_ACTION ITEM:_ Retype each line of the material below word for word; pictures stay out.
*** SUPPLIED DATA Section Begins ***
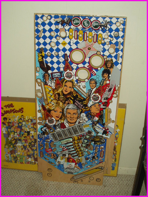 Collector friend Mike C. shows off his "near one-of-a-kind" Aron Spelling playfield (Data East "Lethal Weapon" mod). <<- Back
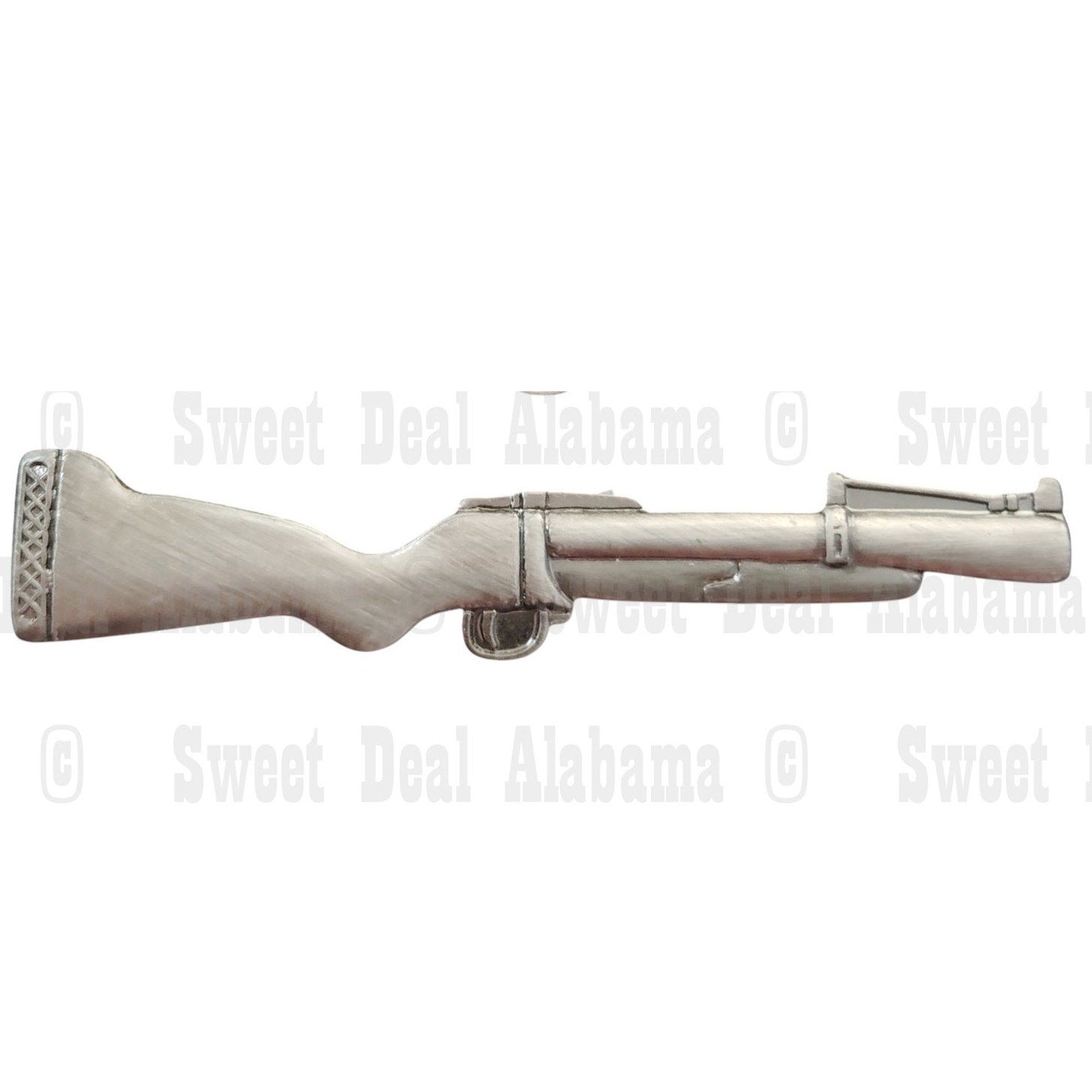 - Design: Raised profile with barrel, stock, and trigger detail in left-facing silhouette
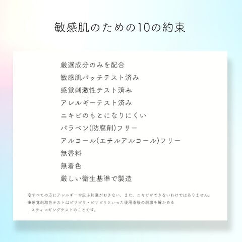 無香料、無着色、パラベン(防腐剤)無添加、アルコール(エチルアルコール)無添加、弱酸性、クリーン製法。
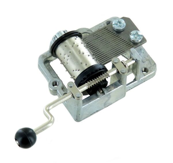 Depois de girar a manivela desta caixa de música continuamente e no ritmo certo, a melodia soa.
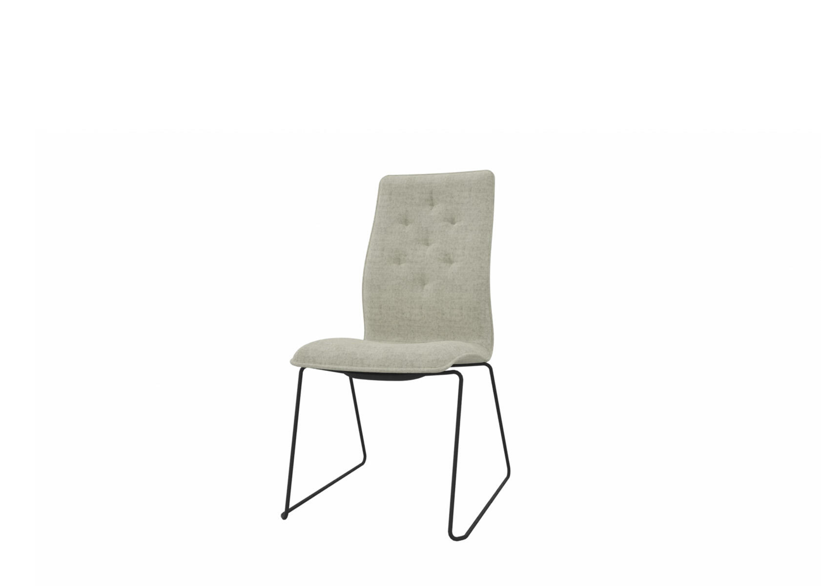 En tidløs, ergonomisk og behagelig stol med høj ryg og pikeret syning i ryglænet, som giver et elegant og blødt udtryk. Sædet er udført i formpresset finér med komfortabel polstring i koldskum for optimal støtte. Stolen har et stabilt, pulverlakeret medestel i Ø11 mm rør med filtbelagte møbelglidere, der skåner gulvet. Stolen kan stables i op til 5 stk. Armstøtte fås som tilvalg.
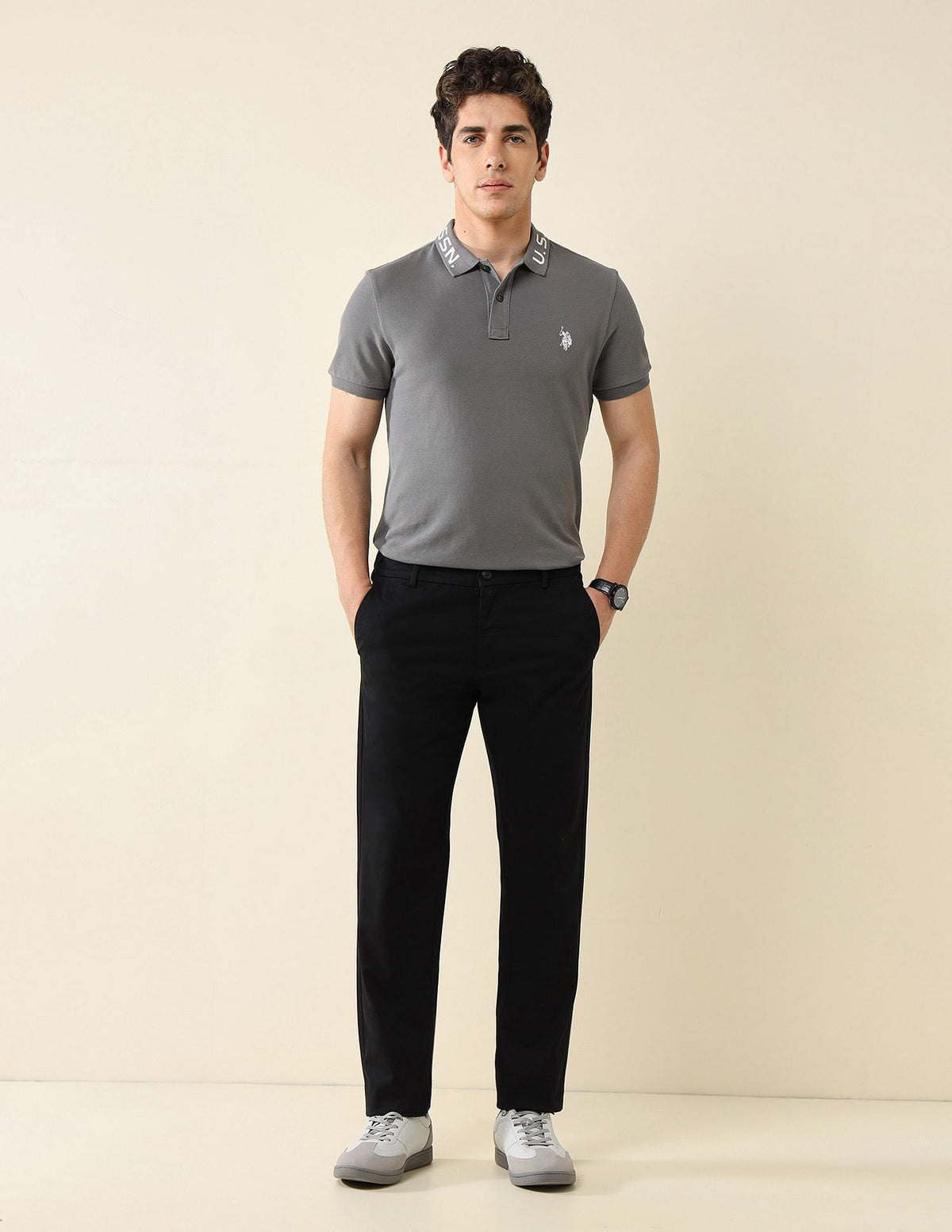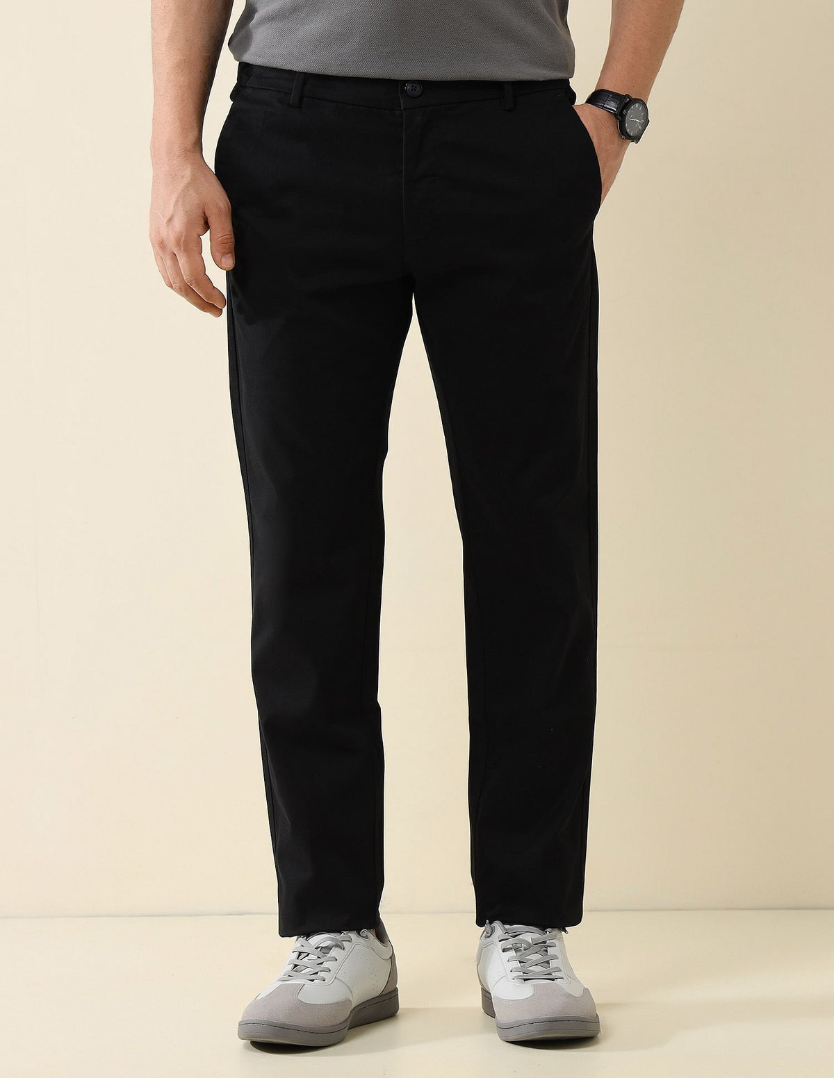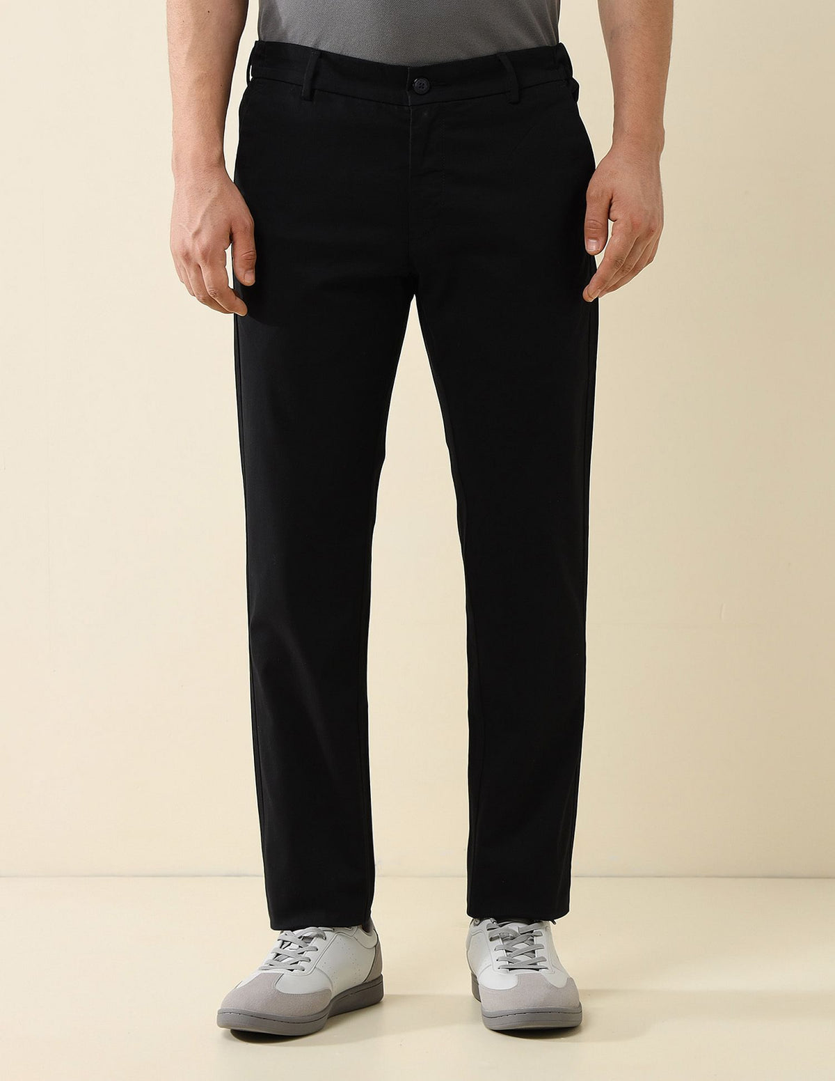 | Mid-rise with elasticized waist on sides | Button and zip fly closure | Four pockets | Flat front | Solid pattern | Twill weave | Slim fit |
*** SUPPLIED DATA Section Ends ***
_ANSWER SPACE:_
 Collector friend Mike C. shows off his "near one-of-a-kind" Aron Spelling playfield (Data East "Lethal Weapon" mod). <<- Back
 - Design: Raised profile with barrel, stock, and trigger detail in left-facing silhouette
 無香料、無着色、パラベン(防腐剤)無添加、アルコール(エチルアルコール)無添加、弱酸性、クリーン製法。
 Depois de girar a manivela desta caixa de música continuamente e no ritmo certo, a melodia soa.
 En tidløs, ergonomisk og behagelig stol med høj ryg og pikeret syning i ryglænet, som giver et elegant og blødt udtryk. Sædet er udført i formpresset finér med komfortabel polstring i koldskum for optimal støtte. Stolen har et stabilt, pulverlakeret medestel i Ø11 mm rør med filtbelagte møbelglidere, der skåner gulvet. Stolen kan stables i op til 5 stk. Armstøtte fås som tilvalg.
 | Mid-rise with elasticized waist on sides | Button and zip fly closure | Four pockets | Flat front | Solid pattern | Twill weave | Slim fit |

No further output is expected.